Supreme Court Clarifies the Ministerial Exception

by hr4u.
Jul 4 16

The factors used to evaluate ministerial exception claims did not become clear until 2012, when the Supreme Court decided EEOC v. Hosanna-Tabor Evangelical Lutheran Church, however, there are still many potential issues to be resolved.

 

In that case involving a parochial school teacher who spent most of her work time on non-religious duties, the Court identified the factors in finding that the teacher in a religious school fit a ministerial exception to Title VII:

  • That she was formally commissioned or ordained as a Lutheran “minister,”
  • That she did perform “important religious functions” in addition to her teaching of lay subjects in the classroom
  • That her non-religious duties, however extensive, did not make a difference.

 

The Court wrote that the ministerial exception question “is not one that can be resolved by a stopwatch. The amount of time an employee spends on particular activities is relevant in assessing that employee’s status, but that factor cannot be considered in isolation, without regard to the nature of the religious functions performed and the other considerations discussed above.”

 

The Court’s decision eliminates the patchwork of tests used by federal and state courts and broadens the exception beyond the limits set by many courts, but still leaves some questions. For example, how should courts weigh among these factors? Does the weight given to each factor depend on the nature of the claim?
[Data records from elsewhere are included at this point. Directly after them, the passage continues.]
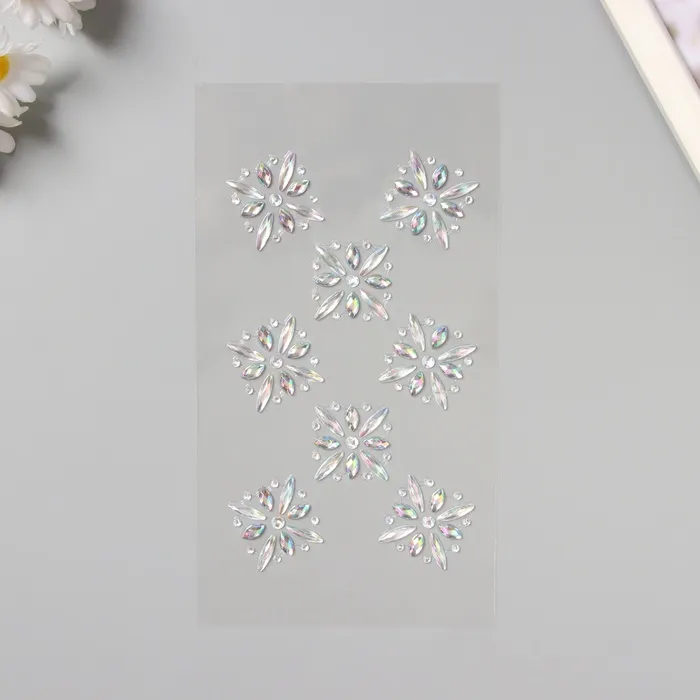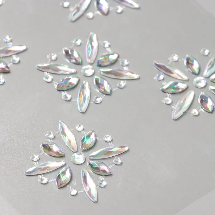 Наклейка пластик стразы на волосы "Цветочная россыпь" серебро 25х13 см — Характеристики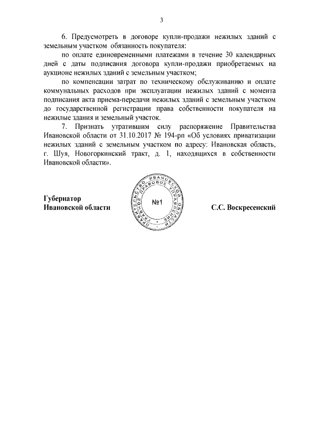 Распоряжение Правительства Ивановской области от 18.08.2022 N 99-рп "Об условиях приватизации нежилых зданий с земельным участком по адресу: Ивановская область, г. Шуя, Новогоркинский тракт, дом 1, находящихся в собственности Ивановской области"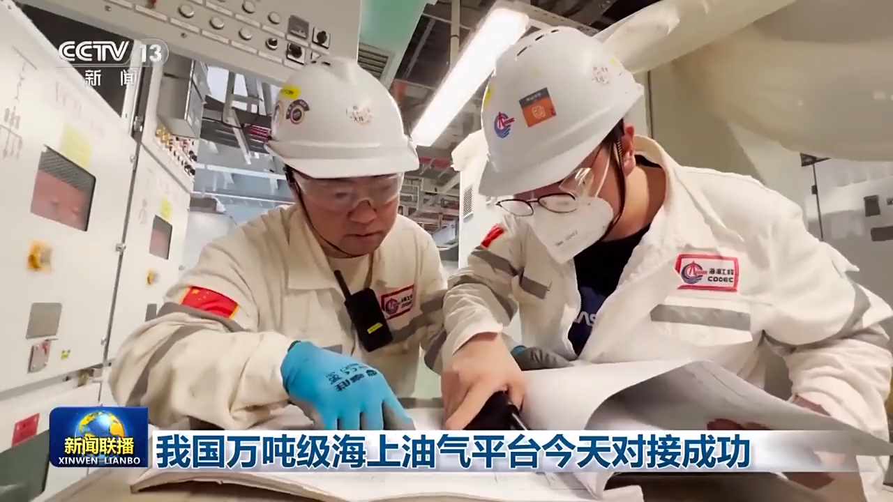 5月13日,在廣東珠江口盆地水深近百米的海域,重量超過15000噸的中海油恩平20-4海上鉆采平臺與海底導管架對接成功,創(chuàng)造了我國海上油氣平臺動力定位浮托安裝重量的新紀錄,填補了國內(nèi)技術(shù)空白。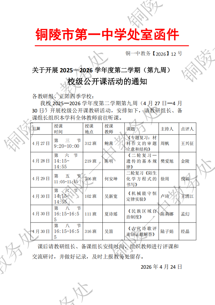 关于开展 2025—2026 学年度第二学期(第九周) 校级公开课活动的通知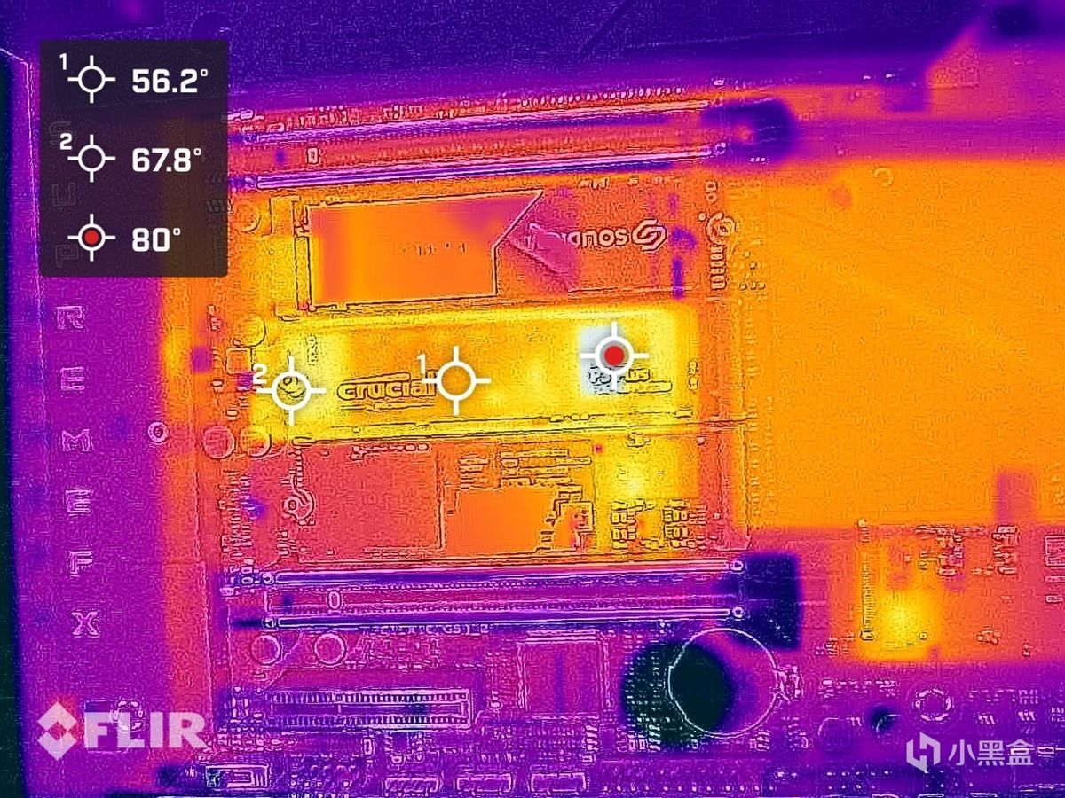 与此同时,我们也对四款产品在不带散热装甲的前提下,对全盘的发热表现进行了检测。在室温24℃的环境下,可以看到Micron Crucial P3 Plus在压力测试下,主控Phison PS5021-E21T温度来到80℃,存储颗粒温度大约在67.8℃左右。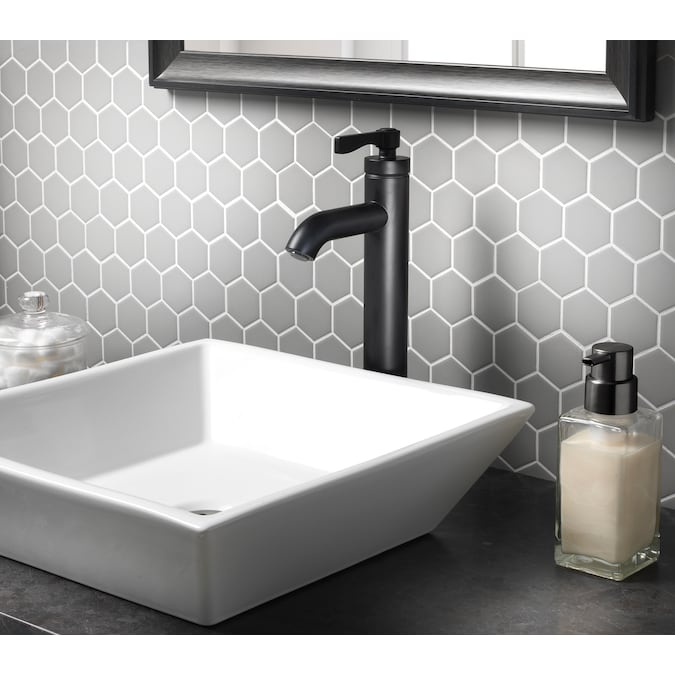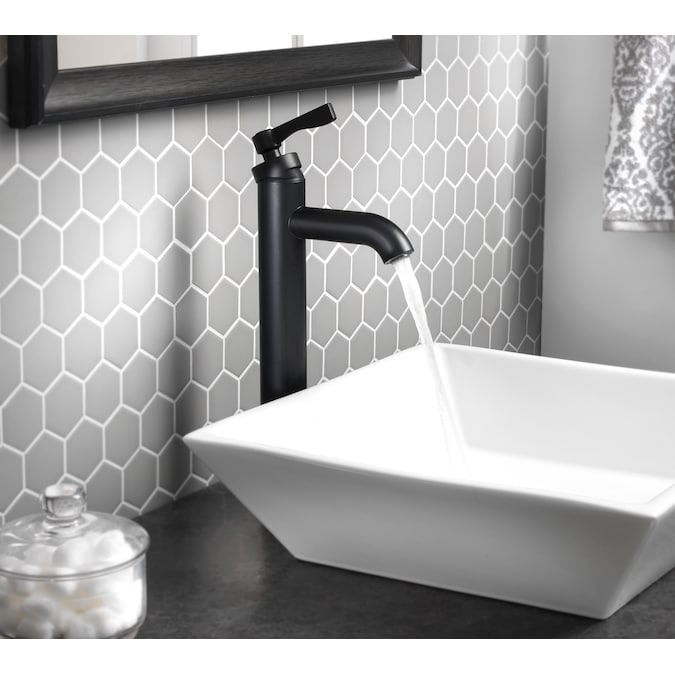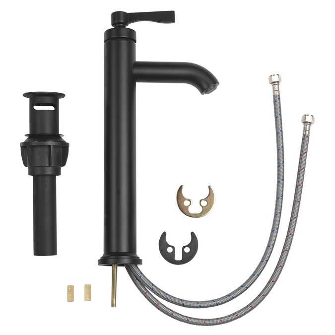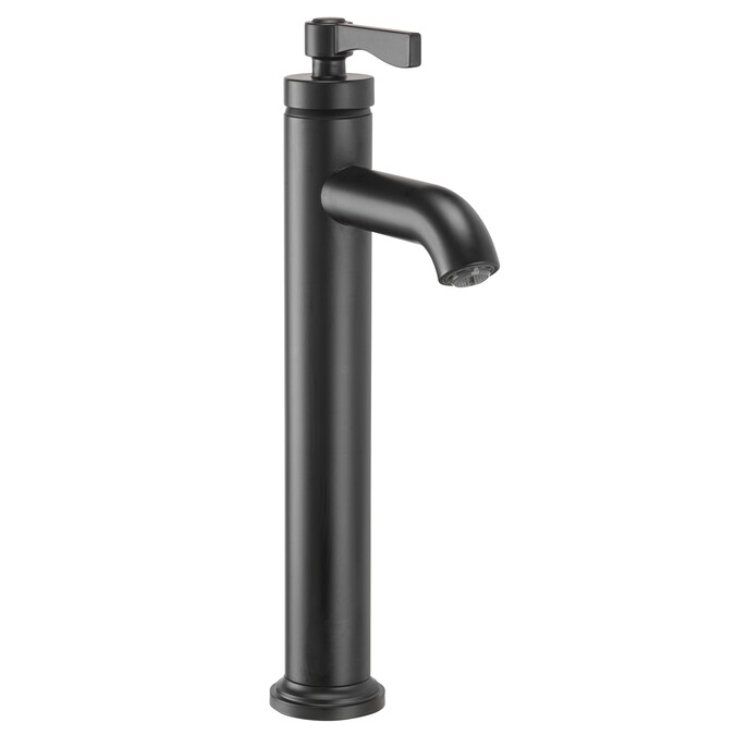 The Allen + Roth vessel filler bath faucet from the Townley collection combines a simple design with extreme durability. This bathroom faucet features a single handle lever handle that is ADA compliant, a sleek single hole installation, and a matching fixed grid drain. Built with a contemporary design, durable waterways, and a water conserving flow rate of 1.2 gallons per minute, this faucet easily updates your bathroom with a sleek style. A matte black finish provides a modern look. For a long lasting, high-end faucet, choose the Townley collection vessel faucet from Allen + Roth.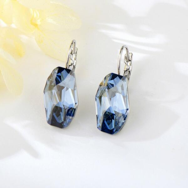 Cikkszám: 0182 Akasztós, kapcsos fülbevaló: - arany bevonattal, - szürkéskék Swarovski kristállyal. Hossza: 2,8 cm. A kristály mérete: 1.8 cm x 1 cm. Súlya: 4 g / pár. Alapanyaga: minőségi fémötvözet. Gyönyörű, exkluzív, Swarovski kristályos ékszer. A megadott méreteket kérjük vegyék figyelembe!

Does the test apply to FLSA claims at all? What types of institutions may use the exception? These answers have yet to be litigated by the Supreme Court.

 

Obviously, determining which positions are “ministerial” depends on the specific facts and the particular court interpreting those facts. However, religious entities do have some guidance. First, organizations must ensure that their governing/founding documents, policies, handbooks and other key documents demonstrate that they do have a clear religious purpose and that they adhere to them. Second, organizations should look to the Supreme Court’s factors to analyze whether a particular position might qualify for a ministerial exception to the FLSA. Some positions, such as a Catholic priest or other congregational leader, likely fall squarely within the ministerial exception. Others, such as lay administrators, maintenance workers, office staff, or secular instructors, are a closer call. For instance, the Ninth Circuit has held that lay teachers at a church-owned school who neither attended to others’ religious needs nor instructed students in religious doctrine did not fulfill the function of “ministers” for purposes of exemptions from anti-discrimination laws.

 

Where there is uncertainty, religious entities should tread carefully before treating employees as exempt from the FLSA or state wage and hour laws. The ministerial exception to the FLSA is anything but a one-size-fits-all designation.

 

Like other employers, religious entities need to carefully examine and maintain job descriptions and monitor actual job functions to ensure that they match. You can expect courts to continue to construe this exception narrowly. Articulating a clear, reasonable and individualized basis for excluding someone from FLSA or state wage and hour laws will be the best defense to a wage and hour action challenging a ministerial exception.